As recent research from University College London shows, European migrants are not a drain on Britain’s finances; what is more, they actually pay in more in taxes than they take out in state benefits. That contribution – valued at £2bn a year – is helping to fuel Britain’s economic growth.

Their studies also explode the myth that they are all Polish plumbers undercutting honest British workmen.

More than 60% of new migrants from western and southern Europe, who account for 900,000 of the 2 million who work here, are now university graduates. For eastern Europeans, 25% are graduates – similar to the proportion in the UK-born workforce.

And no, they are not all working as baristas in coffee shops. Britain is managing to attract the highest number of university-educated migrants of any country in the EU year after year to work in the financial, technology and media industries.

It is against this background that the summit debate about EU migrants and benefits needs to be judged.

The latest figures show that while there are 2 million EU citizens working in the UK, there were a further 91,700 – or 4.5% – who were claiming out-of-work benefits last summer. A further 317,000 of the 2 million – around 15% – were claiming tax credits, underlining that the overwhelming majority are not in the lowest paid jobs.

So what impact will the “emergency brake” of restricting access to in-work benefits for the first two to four years actually have? Nobody has any conclusive figures to know how many EU migrants claim benefits in their first four years in the UK. But there now appears to be some agreement that Britain is such a powerful “jobs factory” that it is the prospect of a job rather than claiming benefits that is attracting them.

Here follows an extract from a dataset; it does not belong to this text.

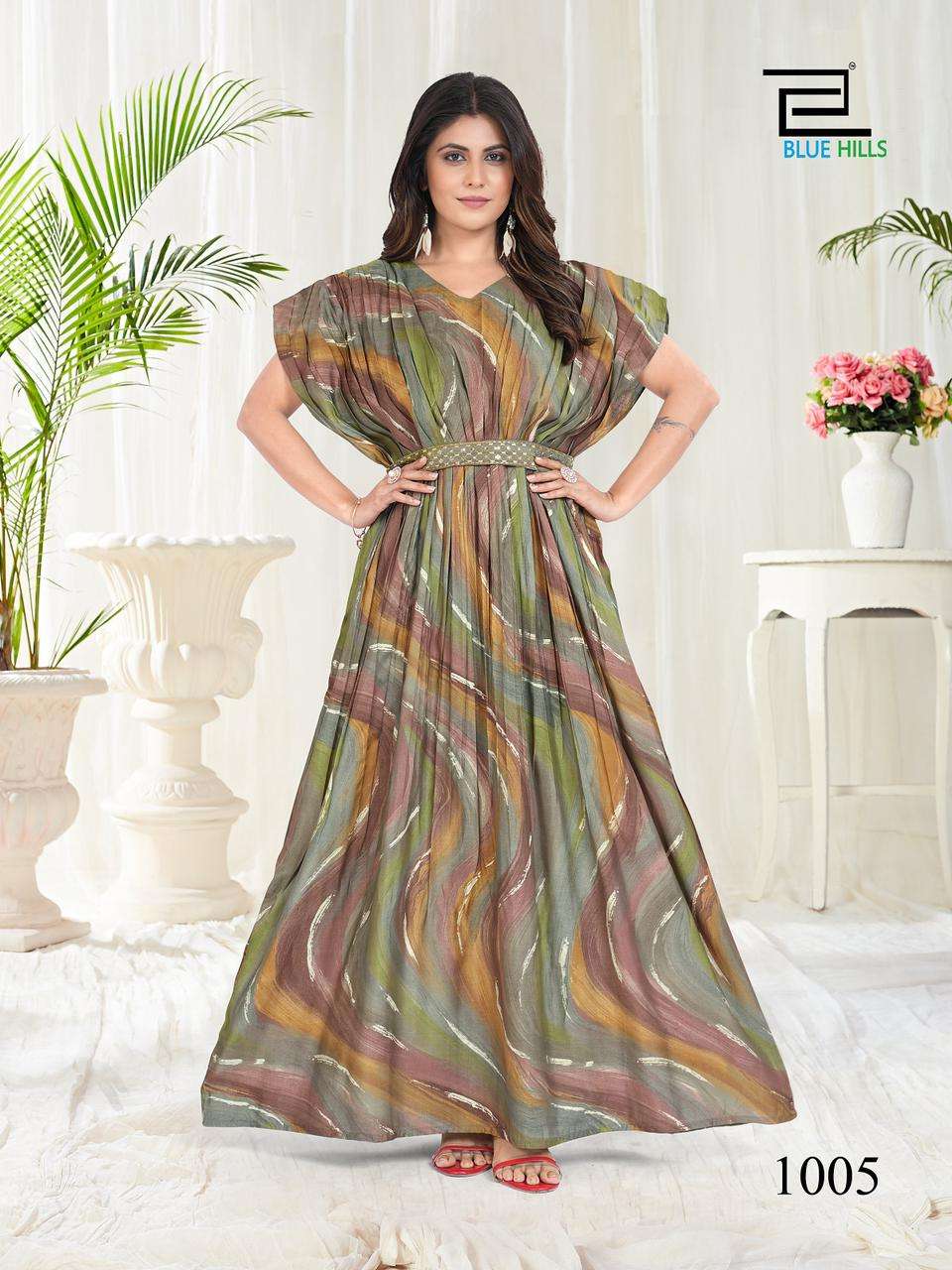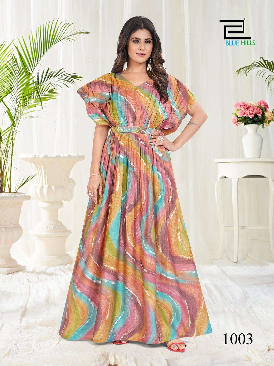 # BLUE HILLS With belt Length - 52+ Size - L (40) XL (42) XXL (44) 5 beautiful prints Rate - 750+GST Dispatch - 2 to 3 days Limited stock |

It is important to note that there is no uniform social security policy in Europe. Each country has its own criteria and qualifying period for different types of benefit. Many of the 28 countries have almost entirely a contributory or social insurance based system before benefits can be claimed.

At one extreme an EU citizen has to live in the Czech Republic for 10 years before they can claim incapacity benefit. In some cases national insurance contributions made in one country can be used to qualify for benefits in another.

Against this background Britain’s move to introduce a phased qualifying period of between two to four years for certain in-work tax credit benefits could be seen as a modest measure that simply brings the UK into line with common European practice. If anything the emergency brake could be said, like so much of this debate, to make us into more of a modern European country.